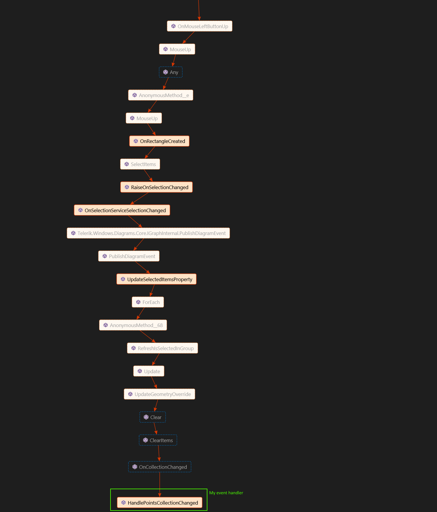 especially fragment i.RefreshIsSelectedInGroup(); which causes update if IsSelectedInGroup state occured. Update couses this.UpdateGeometryOverride() and so on... to lines 1121 and 1222 - RadDiagramConnection:
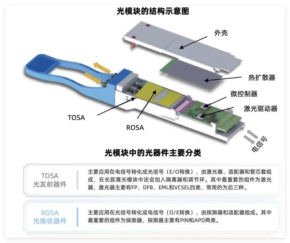 一个光模块通常由光发射器件(TOSA)、光接收器件(ROSA)、激光器芯片(LDChip)、光探测器芯片(PD Chip)、电路板(PCBA)、光纤接口、电接口等部分组成。
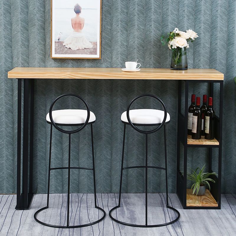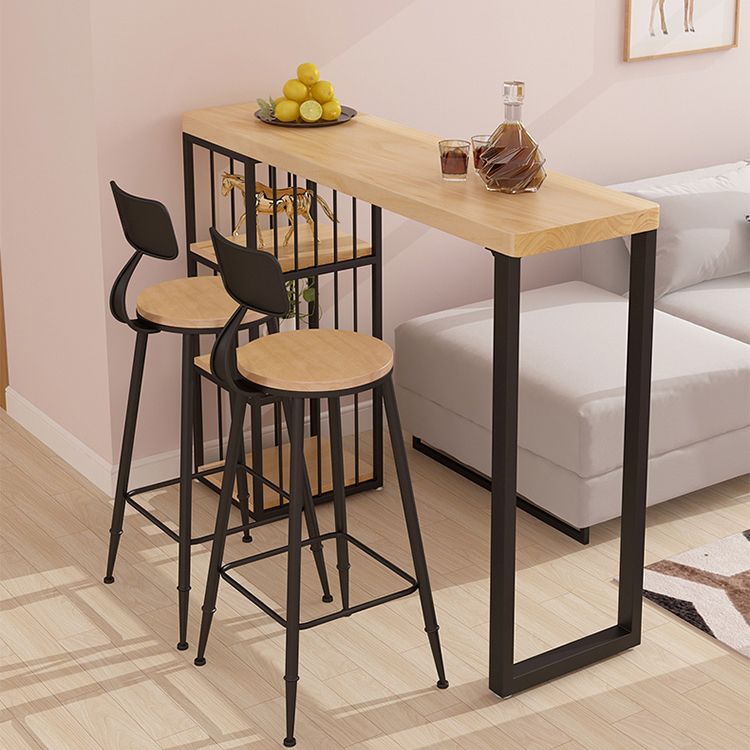 Kitchen Natural Wood Bistro Table Modern Rectangle Cocktail Bar Table with Storage
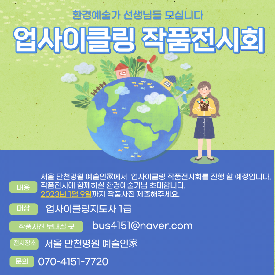 업사이클링 전시회를 합니다. 작품 참여하실 업사이클링지도사1급 선생님들 모십니다.
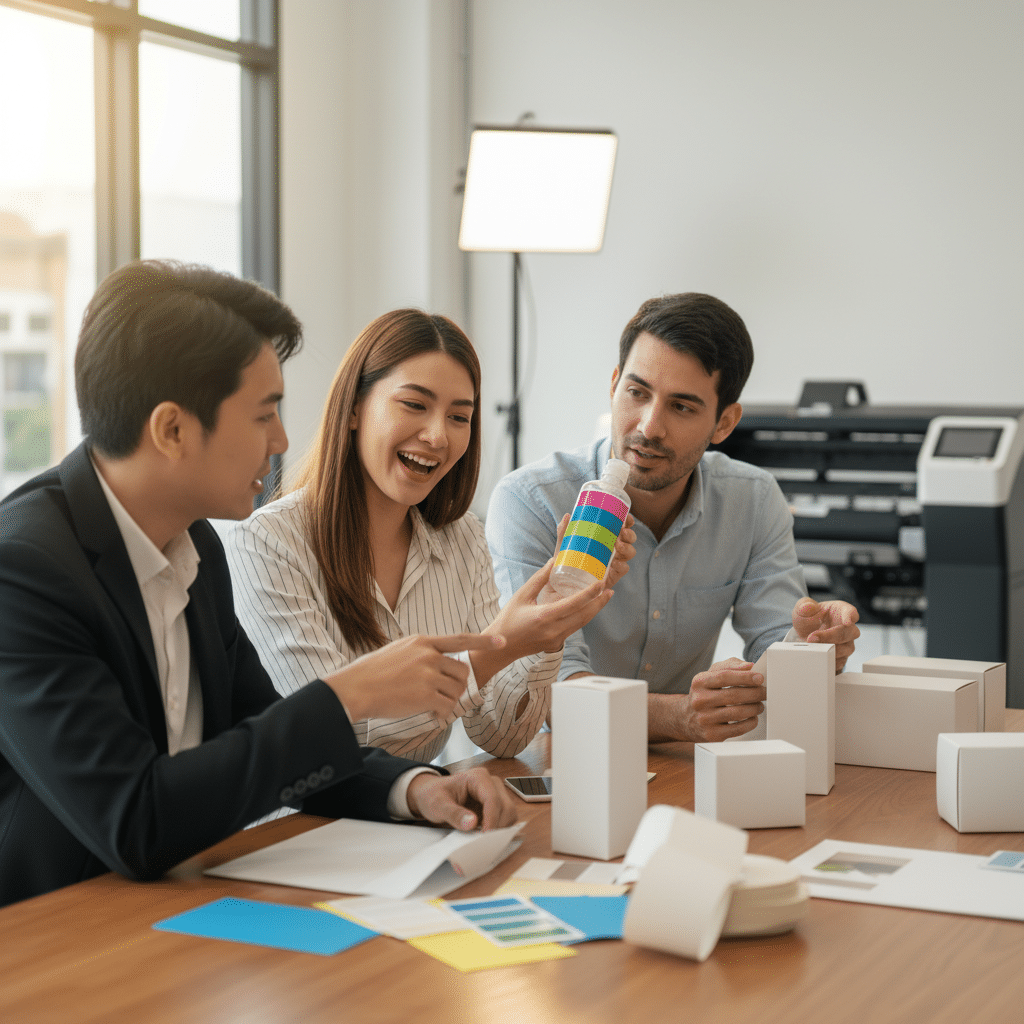 - พิมพ์ต้นแบบและทดสอบ: ก่อนสั่งผลิตจำนวนมาก ควรพิมพ์ตัวอย่างออกมา 1-2 ชิ้น เพื่อตรวจสอบความถูกต้องของสี ขนาด และนำไปติดบนบรรจุภัณฑ์จริงเพื่อดูภาพรวมทั้งหมด หากมีจุดที่ต้องแก้ไข นี่คือโอกาสสุดท้ายในการปรับปรุง
# # # # #
▶ [Task to carry out]: Each line above is to be repeated exactly as written; no picture is carried over.

▶ [Output]:
 especially fragment i.RefreshIsSelectedInGroup(); which causes update if IsSelectedInGroup state occured. Update couses this.UpdateGeometryOverride() and so on... to lines 1121 and 1222 - RadDiagramConnection:
 一个光模块通常由光发射器件(TOSA)、光接收器件(ROSA)、激光器芯片(LDChip)、光探测器芯片(PD Chip)、电路板(PCBA)、光纤接口、电接口等部分组成。
 Kitchen Natural Wood Bistro Table Modern Rectangle Cocktail Bar Table with Storage
 업사이클링 전시회를 합니다. 작품 참여하실 업사이클링지도사1급 선생님들 모십니다.
 - พิมพ์ต้นแบบและทดสอบ: ก่อนสั่งผลิตจำนวนมาก ควรพิมพ์ตัวอย่างออกมา 1-2 ชิ้น เพื่อตรวจสอบความถูกต้องของสี ขนาด และนำไปติดบนบรรจุภัณฑ์จริงเพื่อดูภาพรวมทั้งหมด หากมีจุดที่ต้องแก้ไข นี่คือโอกาสสุดท้ายในการปรับปรุง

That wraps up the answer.